In Italia contano i vecchi (di Stefano Gelati)

SMA MODENA

Tra gli indicatori statistici della struttura della popolazione quello che ritengo il più significativo è l’indice di vecchiaia. In Italia tale indice nel 2021 era 182,6. Significa che ogni 100 residenti da 0 a 14 anni di età, ce ne sono 182,6 dai 65 anni in su.

Gli ultrasessantacinquenni in Italia sono circa 14 milioni, mentre coloro che hanno meno di 15 anni sono poco più di 7.600.00. Siamo un paese che invecchia sempre di più, dove la popolazione attiva tenderà a diminuire nei prossimi anni. Uscendo dall’aridità dei numeri si possono fare varie considerazioni.

Con una struttura demografica così configurata è ovvio che il tema delle pensioni abbia una notevole rilevanza nel dibattito politico, gli anziani sono tanti ed i più fedeli agli appuntamenti elettorali; a coloro che sono già in pensione dobbiamo aggiungere chi è prossimo all’età pensionabile, pensiamo ai nati nel baby boom della metà degli anni ’60 del secolo scorso (quando i nati per anno erano più del doppio di quelli attuali) che hanno già superato i 55 anni di età.

Le politiche economiche tese a stimolare la domanda, con questa struttura della popolazione, lo dimostrano i risultati, non hanno provocato quell’incremento dei consumi interni sperato. Perche?

Una società così anziana dal punto di vista, anche psicologico, tende ad avere una minore propensione al consumo, risparmiando una parte consistente degl’incrementi di reddito, perchè dei nuclei famigliari composti da anziani hanno meno volontà ed occasioni di consumo rispetto ad una famiglia composta da genitori e figli.

La ripercussione di una struttura della popolazione così sbilanciata verso gli anziani, assoluta novità nella storia, ha una chiara implicazione politica ed elettorale: la particolare sensibilità alla percezione dell’insicurezza, a prescindere dai dati ufficiali sulla situazione di ordine pubblico e criminalità.

In materia fiscale, nonostante l’inarrestabile incremento della spesa pubblica per assistenza e previdenza, il tema di un’imposta anche “vagamente” patrimoniale è tabù; chi solamente ne parla …”si scotta”e deve chiarire e smentire, mentre finanziare tutto con nuovo debito pubblico da far pagare, nel futuro, ai giovani di oggi lascia quasi indifferente le forze politiche.

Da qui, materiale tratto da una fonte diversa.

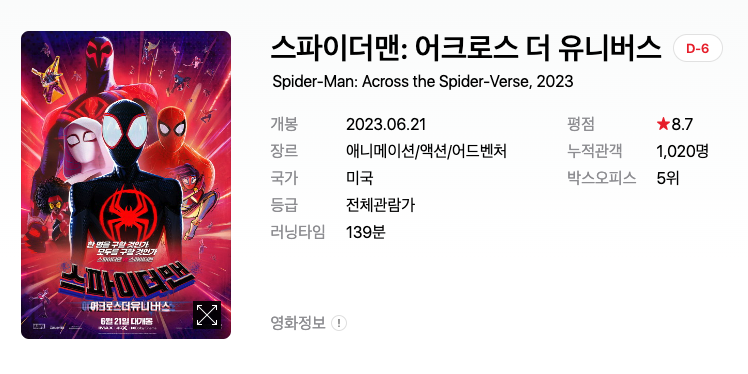 스파이더맨 어크로스 더 유니버스 (스파이더 버스)을 개봉했습니다.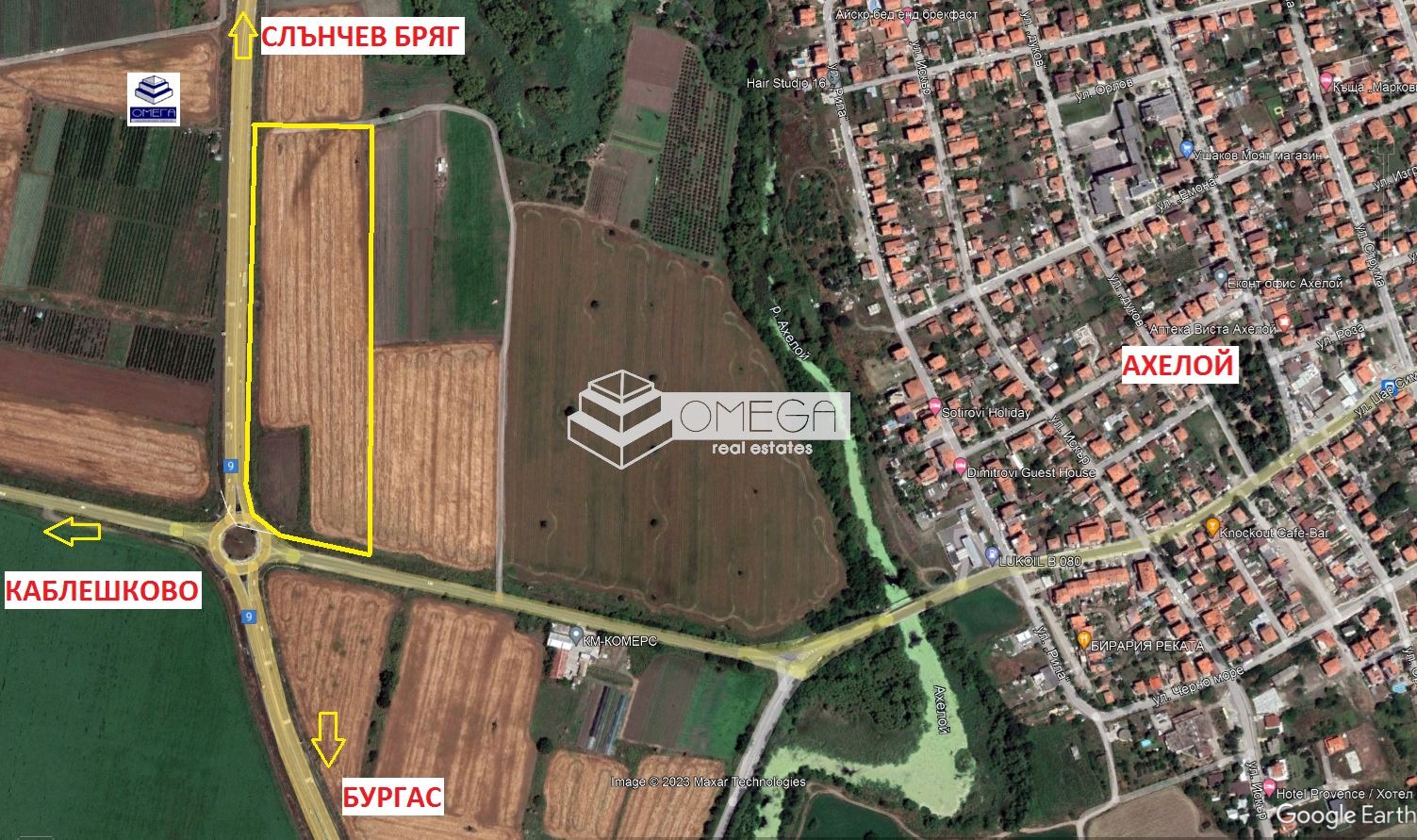 Урегулиран поземлен имот с изключително добра локация. Парцелът е с 400м лице на главен път между Бургас и Слънчев бряг и 100м лице на кръговото движение в посока Ахелой. Имотът е ъглов и има обща площ от 48 дка, което го прави подходящ за различни инвестиционни възможности.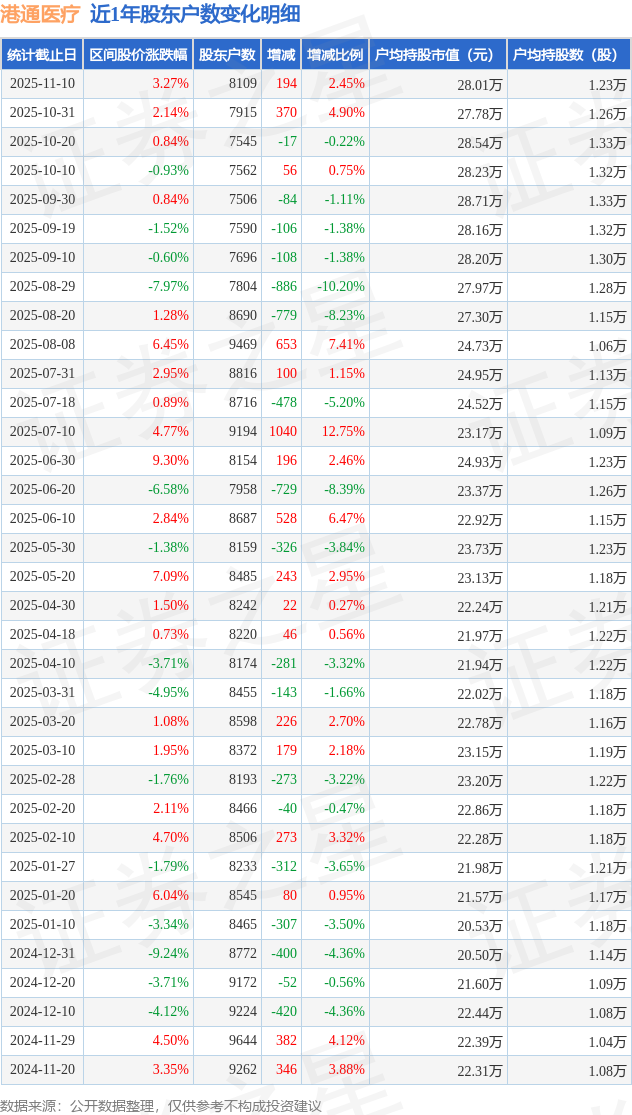 从股价来看,2025年10月31日至2025年11月10日,港通医疗区间涨幅为3.27%,在此期间股东户数增加194.0户,增幅为2.45%。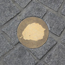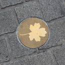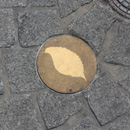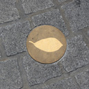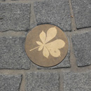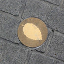 Die Messingplaketten mit Motiven unterschiedlicher Blätter, verlegt im Pflaster des Jenaer Marktplatzes, markieren den Schlenderweg um die Metamorphose der Pflanzen.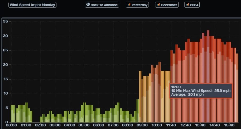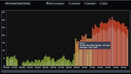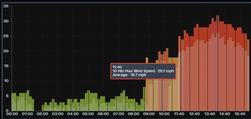 ¡Buenos dias! Yesterday was a feast for those who like it really windy, as the wind gauge at the campground (see images below) showed the 10 minute average winds ranging from 20-24 mph from just before noon until 4 pm, with winds peaking at 26 mph for around 30 minutes near 2 pm, with gusts well into the 30s. All of the most recent numerical model forecasts show the strong north background flow easing off some today, however there will still be ample north flow and with full sunshine we will definitely see a windy afternoon. No significant changes needed in the going forecast, as all of the latest forecast guidance shows surface high pressure locked-in to our north and solid north flow continuing into the upcoming weekend. Long-range model forecasts do show we will finally see the surface pressure gradient weaken early next week, with lighter winds likely on Monday.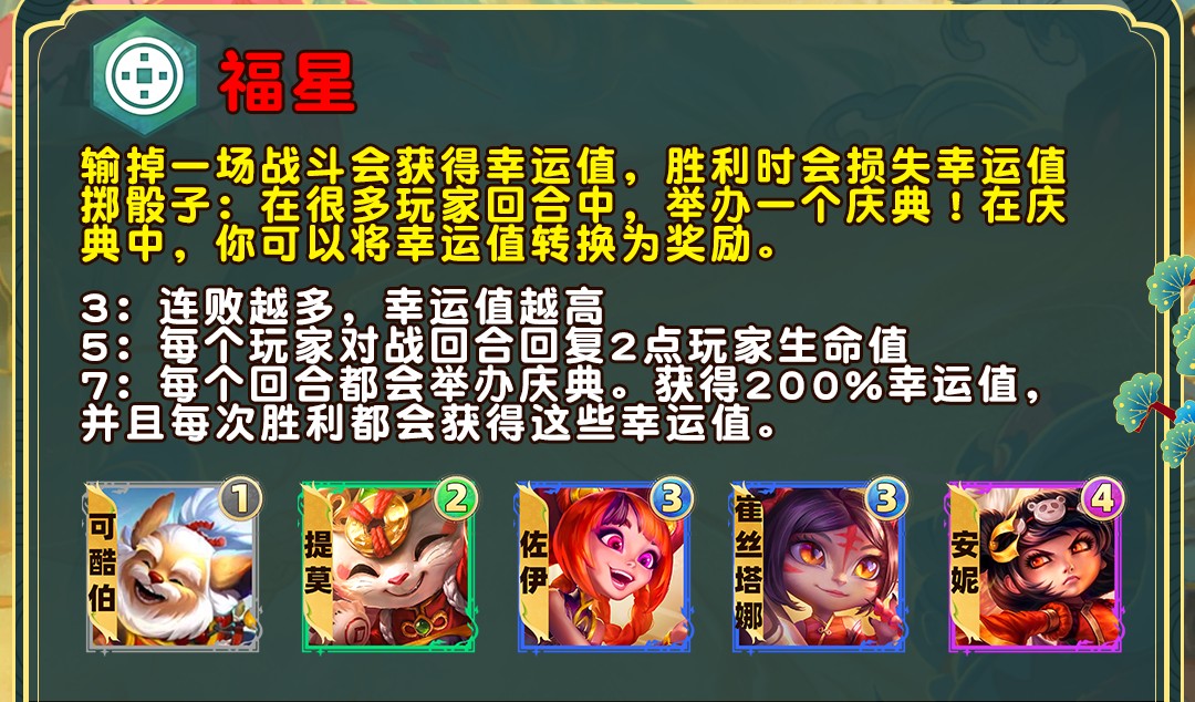 1、5福星羁绊新增每回合可以回复生命值,人造代谢无疑是增大了吃高层奖励的成功率。7福星需要2个转职。

Questa situazione presenta un aspetto positivo, che è anche perverso. Molti anziani con reddito garantito costituiscono una rete di welfare famigliare, cioè la pensione del nonno va a compensare, molte volte, il mancato reddito del nipote disoccupato. Arriviamo al paradosso dei nonni che mantengono i nipoti; e non può che essere così in un paese che ha trai i più alti tassi di disoccupazione giovanile dell’ U.E.

In Italia è davvero poco credibile chi dice: largo ai giovani.